The state Department of Natural Resources' Division of Oil and Gas estimated in January 1990 Point McIntyre production would start in 1992 at 20,000 b/d and peak at 60,000 b/d in 1993-95.

CALIFORNIA

IOCC survey responses showed California could hike oil production by 225,000 b/d by 1995. That assumes, however, that giant Point Arguello field is producing at peak by then.

Although California has a substantial amount of shutin productive capacity, the state's decimated service sector prevents it from ramping up production significantly in the near term.

Low oil prices have left more than 14,000 wells idle in California for 5 years or more, says Marty Mefferd, the state's oil and gas supervisor.

"A lot of the wells are sitting there with production equipment intact," he said. "A number of those are still hooked to pumping units, and we're trying to get them started.
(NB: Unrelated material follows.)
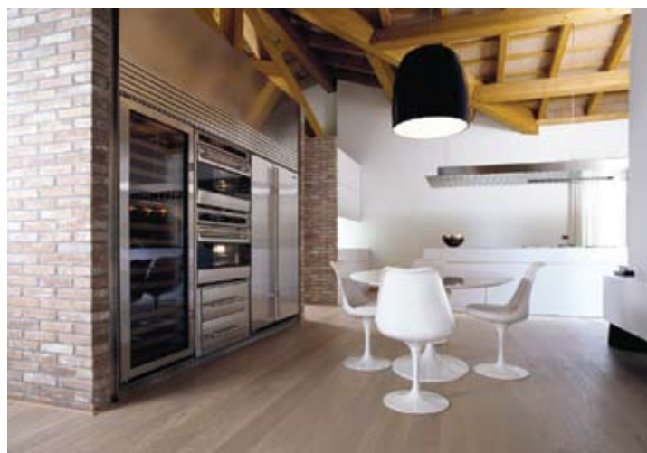
סאב זירו

For a lot of them, that just means pulling rods and tubing, And there are a lot of steam generators shut down. For a lot of the wells and steam generators, the permits are already in hand."
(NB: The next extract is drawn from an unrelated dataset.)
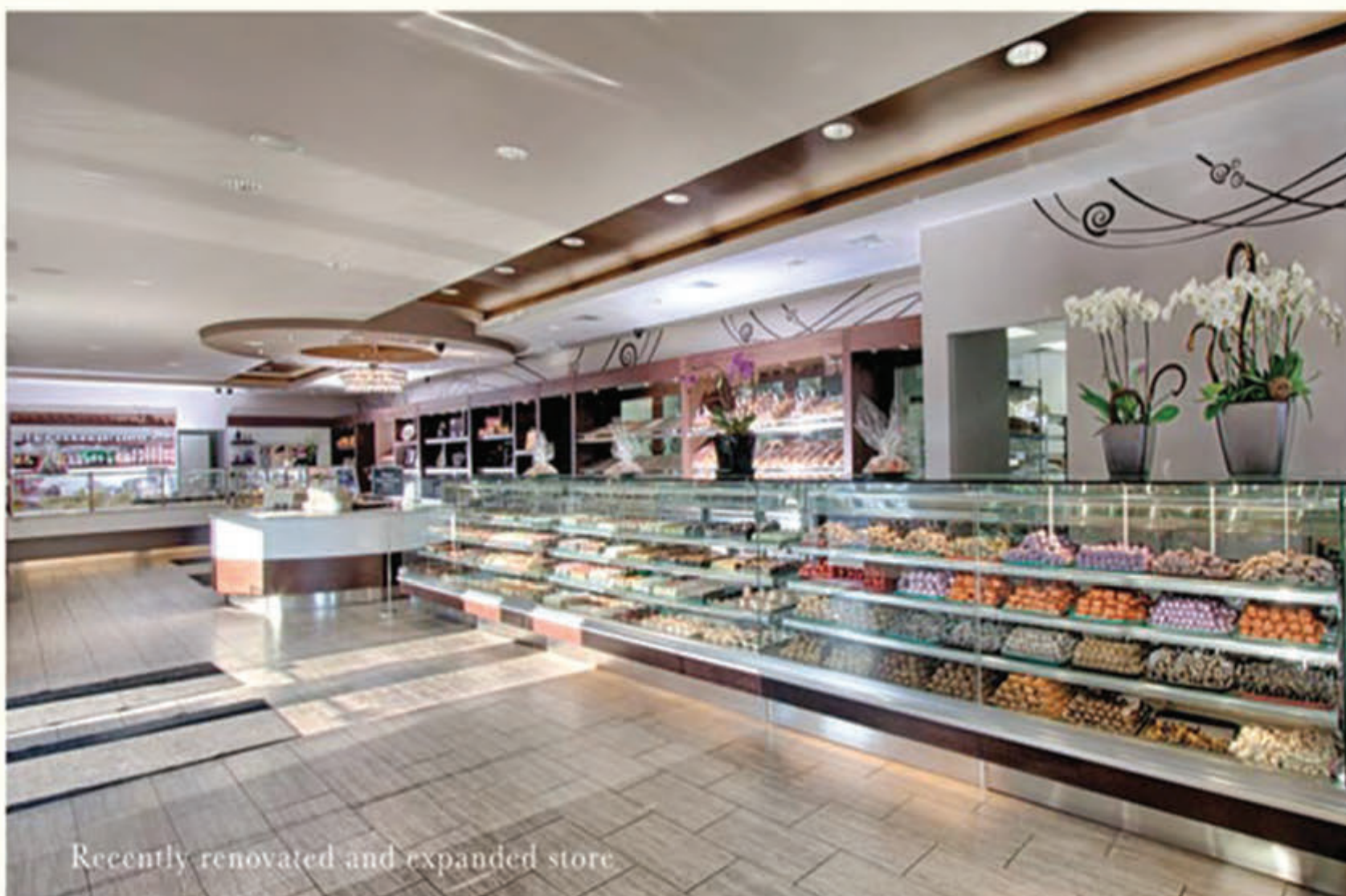
Recently renovated and expanded store

Most of California's crude oil production is low gravity and thus especially sensitive to oil price declines. As a result, with expectations of higher oil prices in the 1990's gaining strength earlier this year, operators have rushed into infill and workover programs in California in recent months.

The state has undergone a sizzling pace of new wells, workovers, and abandonments. The workovers and abandonments are spurred in part by the state's tightening rules on idle wells. Even before the Middle East crisis, many California operators were running economic litmus tests of their shutin wells forced by the tighter idle well rules and finding more of them passing the test than they had expected.
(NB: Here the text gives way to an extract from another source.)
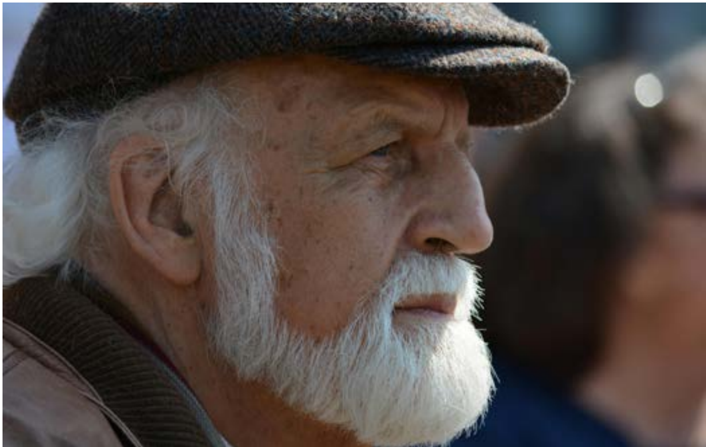
Imagem mostra representação de um idoso

"We were starting to see some stability in prices," Meffered said. "Major operators decided they weren't going to fool around with offshore California any more and started to put their money in proven areas.

"With $20/bbl for Kern River (13*) crude, we're going to see some of that production we've lost since 1985."

Mefferd puts that production decline at about 150,000 b/d. It entails mostly shutin stripper wells in areas of very low gravity crudes such as the onshore Santa Maria basin and shutdown thermal enhanced oil recovery projects in the southern San Joaquin Valley.

"We're reasonably sure 75% of that can come back on stream in 1-11/2 years-maybe 75,000-100,000 b/d within a year," he said.

The state does not have the capability to speed that process because of heavy losses among drilling and service rig contractors.

"A lot of contractors have gone out of business," Mefferd said. "If you want to work on a well, you have to get on a waiting list, even to get a well abandoned."

ENVIRONMENTAL BARRIERS

Beyond the infrastructure constraints and uneasiness about future oil prices, California operators are hamstrung by environmental concerns as well.

In addition to bans on further leasing off California, operators continue to be plagued by environmental opposition to development of 1980's discoveries-some of them giant fields-in the offshore Santa Maria and Santa Barbara basins.

Of those projects not on stream today, only Exxon Corp.'s further development of Santa Ynez Unit is moving ahead.

Earlier estimates of California offshore production in the 1990's climbed to as high as 500,000 b/d, although that assumed the unlikely prospect of concurrent development. More recent estimates place that level at about 200,000-300,000 b/d.

Outside the San Joaquin Valley, there is little prospect for increased production in California.

"The industry has given up on the Los Angeles basin," Mefferd said. "There are so many constraints there it is too much overcome. With the current political climate, nothing is going to change in state waters, either."

On the other hand, says Mefferd, the Middle East crisis has sharply focused Californians' attention on energy security issues, a development that might provide some long term support for drilling off California.

He cites the most recent statewide poll in California that shows opposition to offshore drilling has fallen by 910 percentage points since the Iraqi invasion.